Records excerpted from a collection

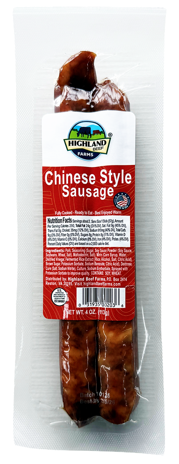 Traditional style Chinese sausage with an authentic taste. Ready to eat or try it warmed. A tasty addition to your favorite dishes to boost flavor. No refrigeration needed.
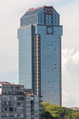 Plaza Süzer es un rascacielos moderno de 34 pisos ubicado en la zona de Harbiye en el distrito de Şişli de Estambul. La estructura combina espacios de oficinas con un hotel de lujo, mostrando la mezcla de funciones comerciales y de hospitalidad típicas del centro urbano.
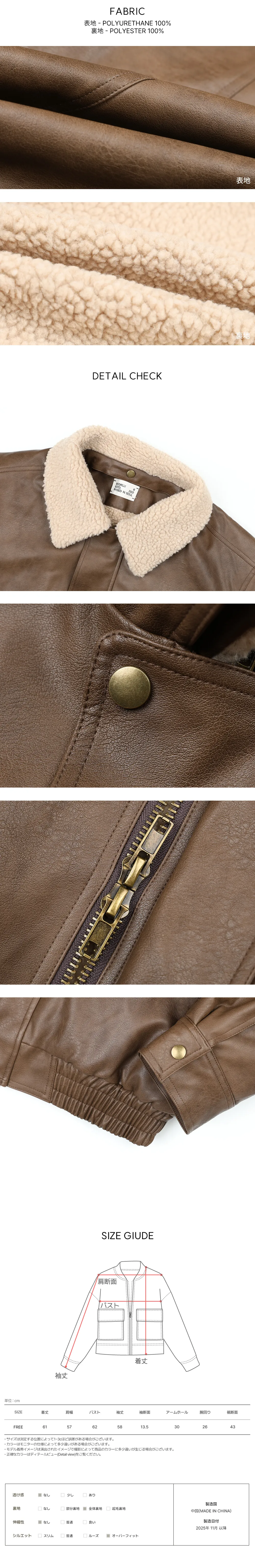 着用 : ブラウン / FREE
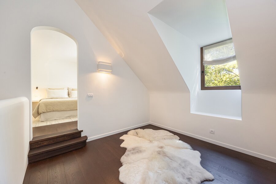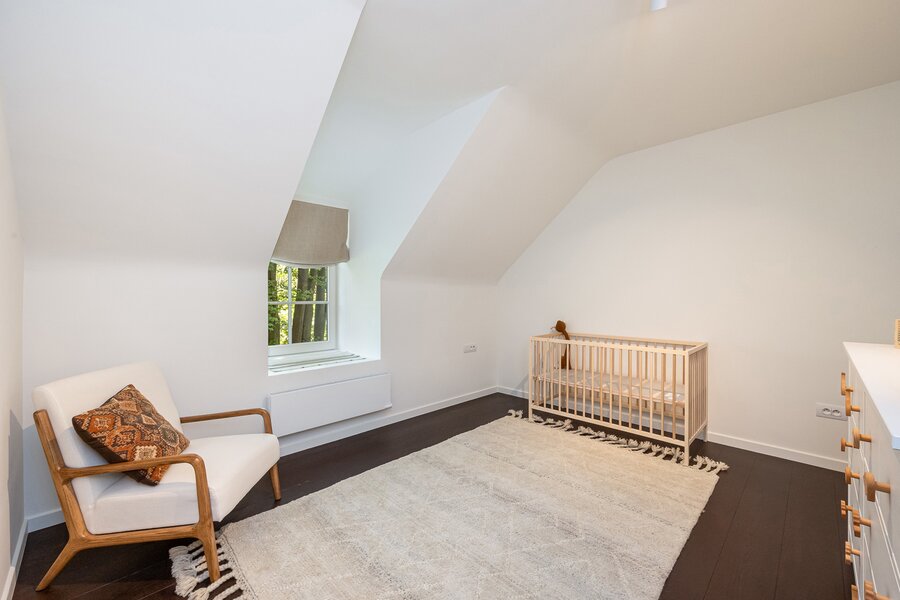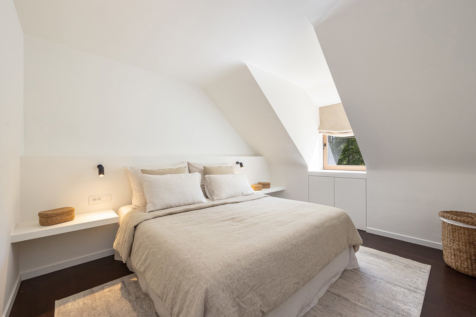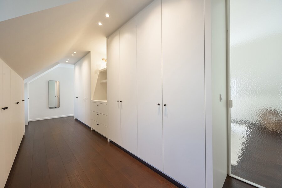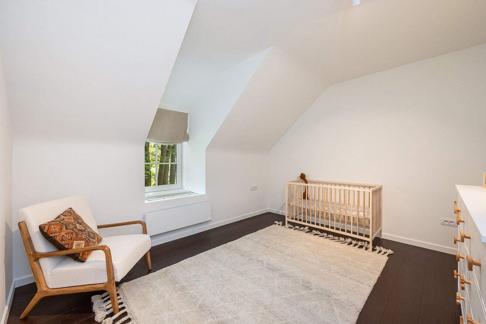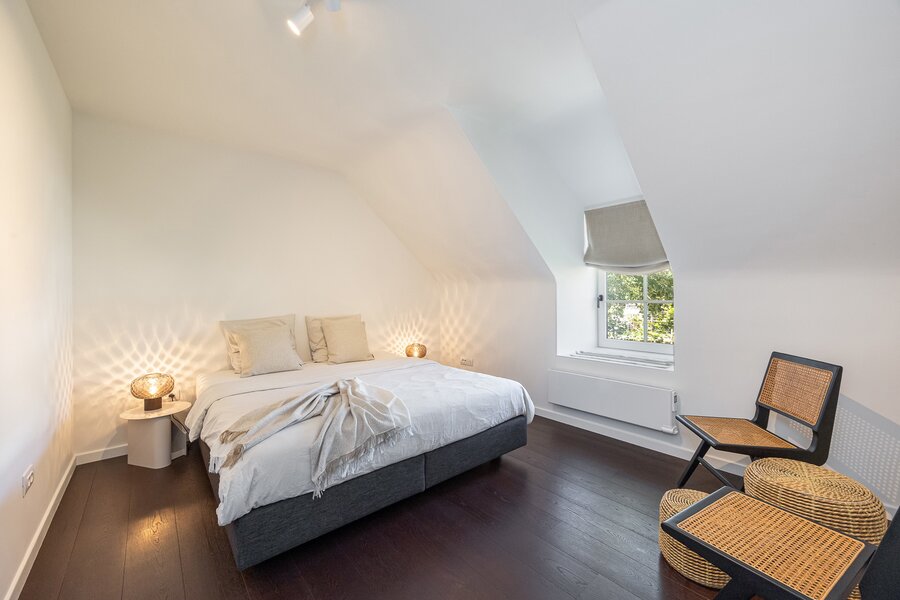Op de eerste verdieping leidt de overloop van 21 m² op parket naar een nachttoilet en een handige berging. De hoofdslaapkamer van 17 m² op parket heeft een ensuite dressing van 26 m² en een luxueus ingerichte badkamer van 16 m² in Mortex met ligbad, inloopdouche en een dubbel lavabomeubel. De tweede slaapkamer van 16 m² op parket beschikt over een eigen badkamer van 5 m² eveneens in Mortex met inloopdouche en lavabomeubel. Tot slot is er nog een derde slaapkamer van 16 m² op parket.
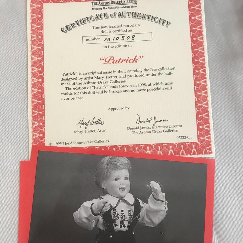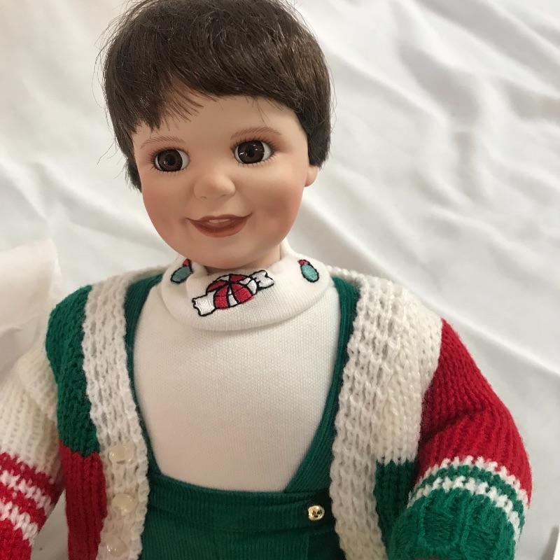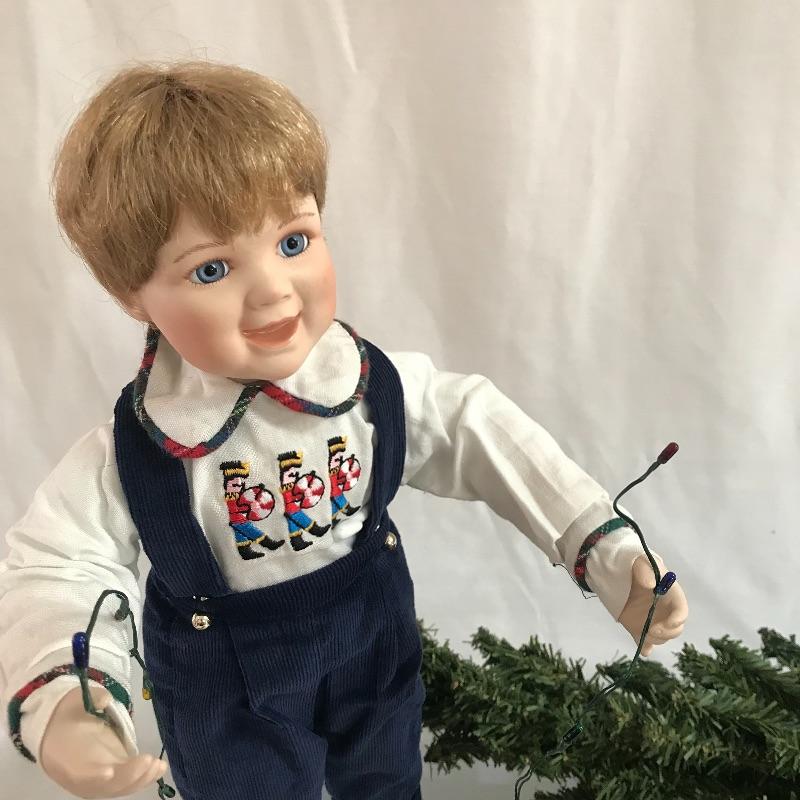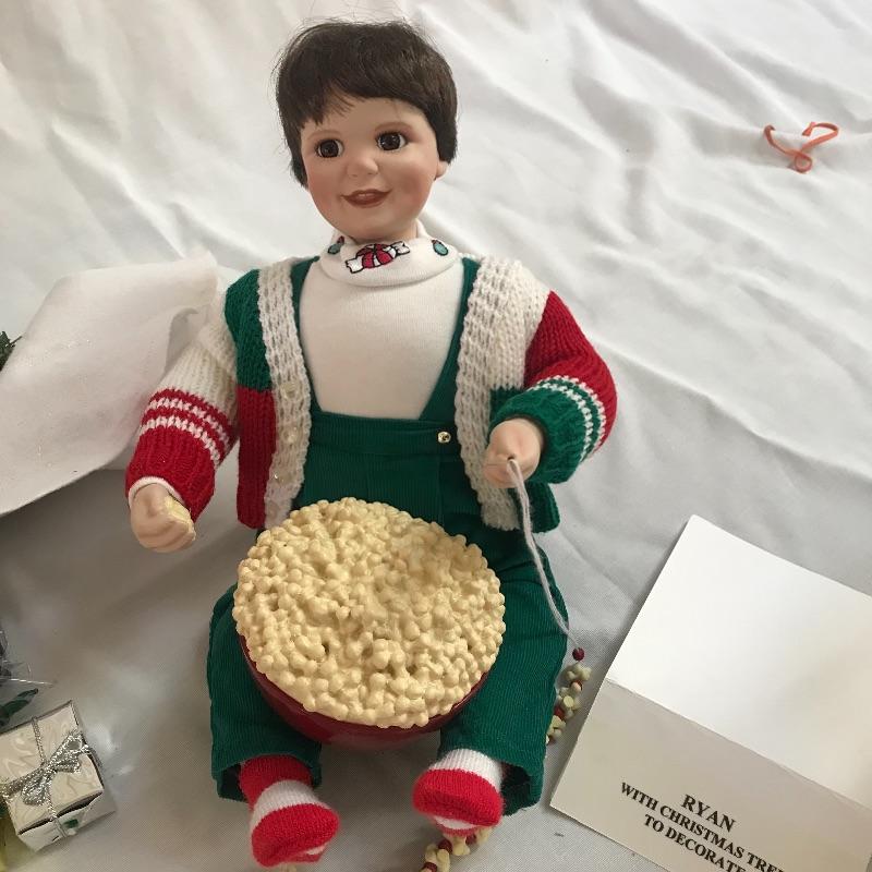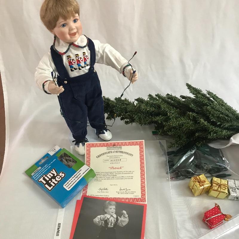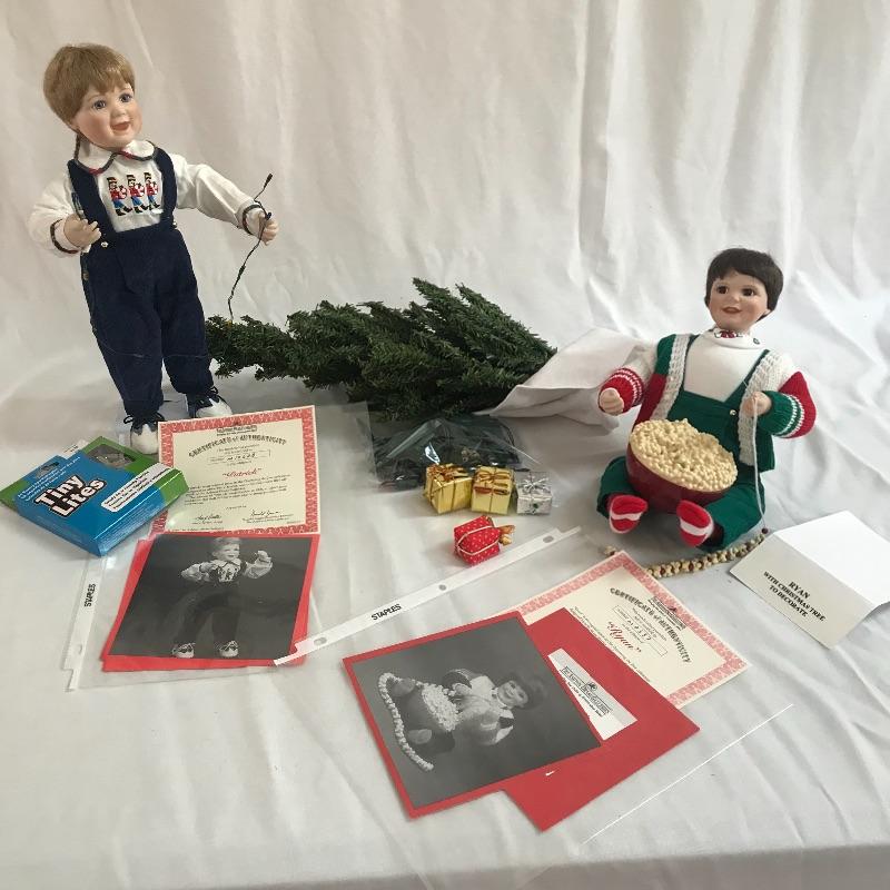 Two dolls from Ashton- Drake, Patrick - With Christmas Tree lights and Ryan stringing popcorn for Christmas tree. Both have COAs and there is an artificial tree with lights and packages that the owner added from her display. These dolls are in good condition and in their original boxes. Shipping available.

**TASK ITEM:**
Please write out exactly, and only, the lines from the beginning of the entries through the line containing "Op de eerste", including both and skipping all pictures.

**FINAL ANSWER:**
 Traditional style Chinese sausage with an authentic taste. Ready to eat or try it warmed. A tasty addition to your favorite dishes to boost flavor. No refrigeration needed.
 Plaza Süzer es un rascacielos moderno de 34 pisos ubicado en la zona de Harbiye en el distrito de Şişli de Estambul. La estructura combina espacios de oficinas con un hotel de lujo, mostrando la mezcla de funciones comerciales y de hospitalidad típicas del centro urbano.
 着用 : ブラウン / FREE
Op de eerste verdieping leidt de overloop van 21 m² op parket naar een nachttoilet en een handige berging. De hoofdslaapkamer van 17 m² op parket heeft een ensuite dressing van 26 m² en een luxueus ingerichte badkamer van 16 m² in Mortex met ligbad, inloopdouche en een dubbel lavabomeubel. De tweede slaapkamer van 16 m² op parket beschikt over een eigen badkamer van 5 m² eveneens in Mortex met inloopdouche en lavabomeubel. Tot slot is er nog een derde slaapkamer van 16 m² op parket.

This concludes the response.